### Your instructions
Look for the line with "透明pet方形广口坚果食品含盖塑料罐 饼干中药蜜饯休闲食品密封罐"; please transcribe it and every later line in the entries exactly, up to the end, leaving pictures out.

Extracted records
════════
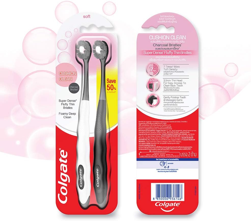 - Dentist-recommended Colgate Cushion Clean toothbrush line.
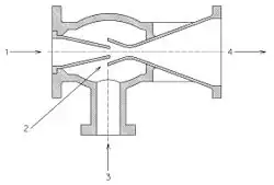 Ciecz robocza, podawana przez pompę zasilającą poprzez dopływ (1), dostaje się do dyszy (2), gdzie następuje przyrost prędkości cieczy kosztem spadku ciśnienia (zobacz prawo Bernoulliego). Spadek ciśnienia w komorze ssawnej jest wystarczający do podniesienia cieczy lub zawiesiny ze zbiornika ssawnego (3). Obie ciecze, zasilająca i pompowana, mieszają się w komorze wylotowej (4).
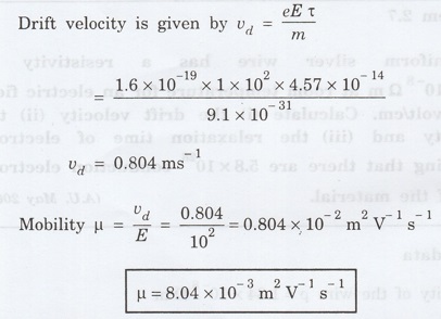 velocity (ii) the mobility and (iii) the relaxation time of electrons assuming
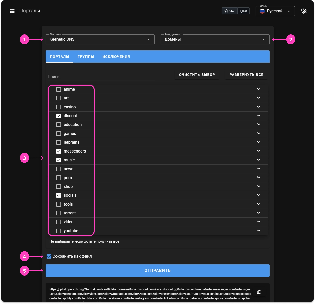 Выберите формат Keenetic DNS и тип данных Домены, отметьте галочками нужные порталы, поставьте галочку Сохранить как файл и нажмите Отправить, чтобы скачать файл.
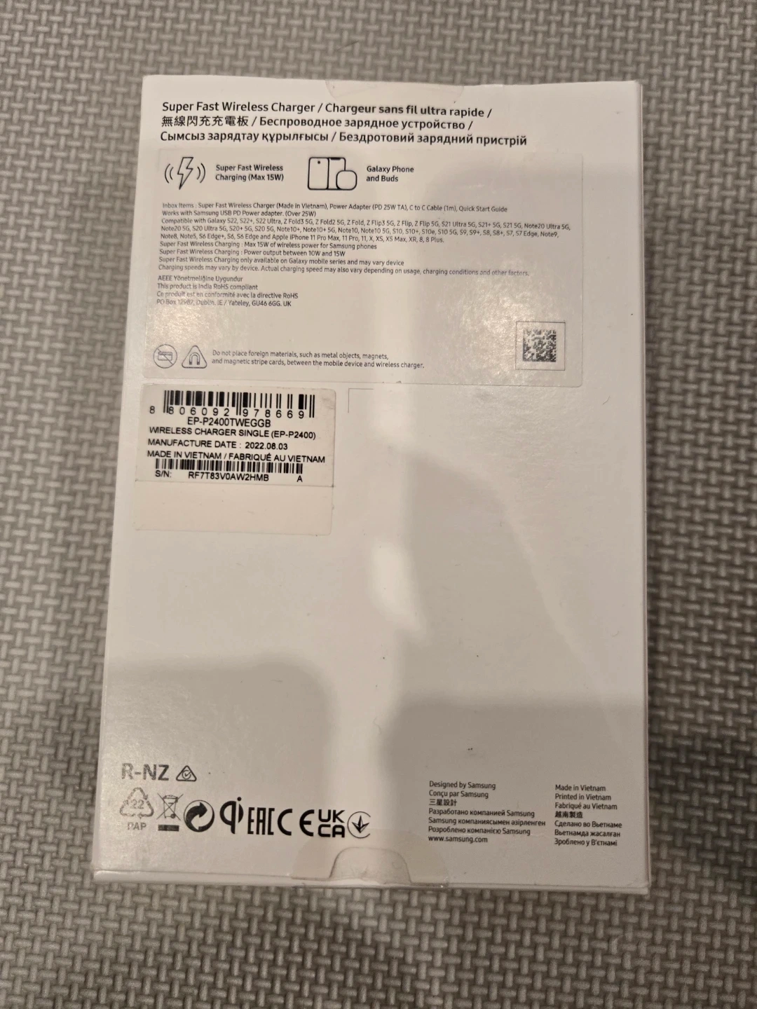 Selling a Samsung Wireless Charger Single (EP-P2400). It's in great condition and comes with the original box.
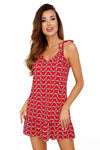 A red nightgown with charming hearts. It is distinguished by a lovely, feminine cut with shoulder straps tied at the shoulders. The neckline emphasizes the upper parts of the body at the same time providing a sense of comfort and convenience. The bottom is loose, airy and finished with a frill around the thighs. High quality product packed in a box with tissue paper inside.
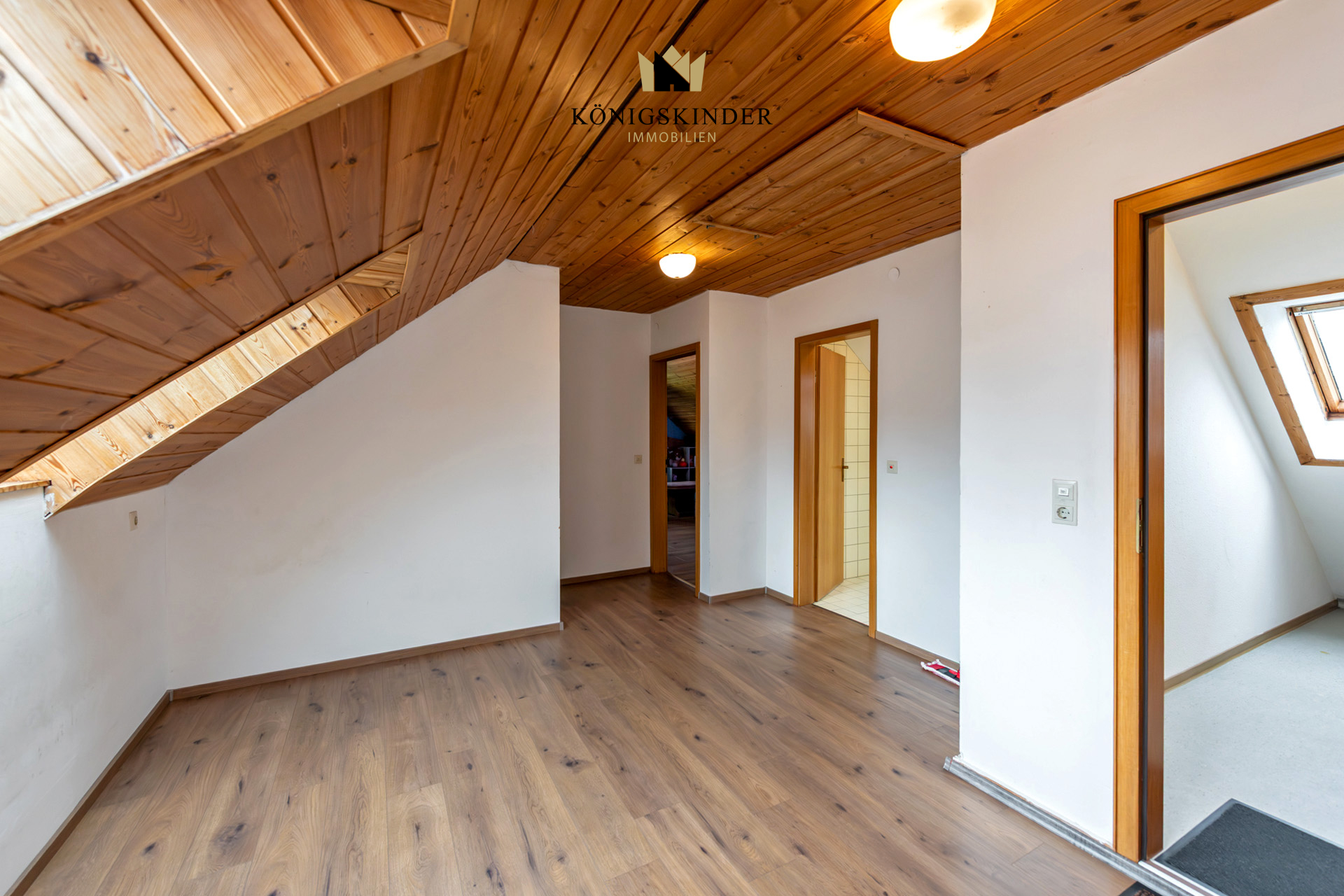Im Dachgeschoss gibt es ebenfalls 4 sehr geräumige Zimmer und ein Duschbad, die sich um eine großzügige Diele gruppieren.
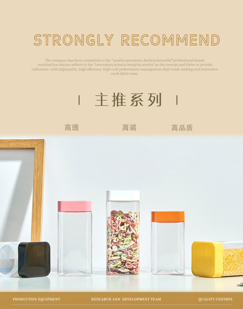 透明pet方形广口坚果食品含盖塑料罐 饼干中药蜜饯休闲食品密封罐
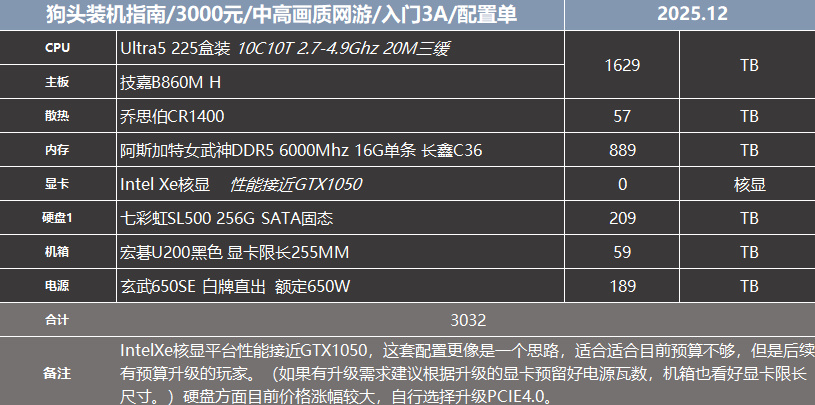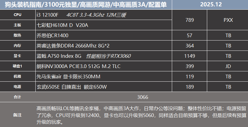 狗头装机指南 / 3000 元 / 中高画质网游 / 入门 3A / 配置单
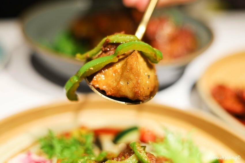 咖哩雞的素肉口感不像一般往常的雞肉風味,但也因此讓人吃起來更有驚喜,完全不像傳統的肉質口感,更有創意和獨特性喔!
════════
### Written solution
 透明pet方形广口坚果食品含盖塑料罐 饼干中药蜜饯休闲食品密封罐
 狗头装机指南 / 3000 元 / 中高画质网游 / 入门 3A / 配置单
 咖哩雞的素肉口感不像一般往常的雞肉風味,但也因此讓人吃起來更有驚喜,完全不像傳統的肉質口感,更有創意和獨特性喔!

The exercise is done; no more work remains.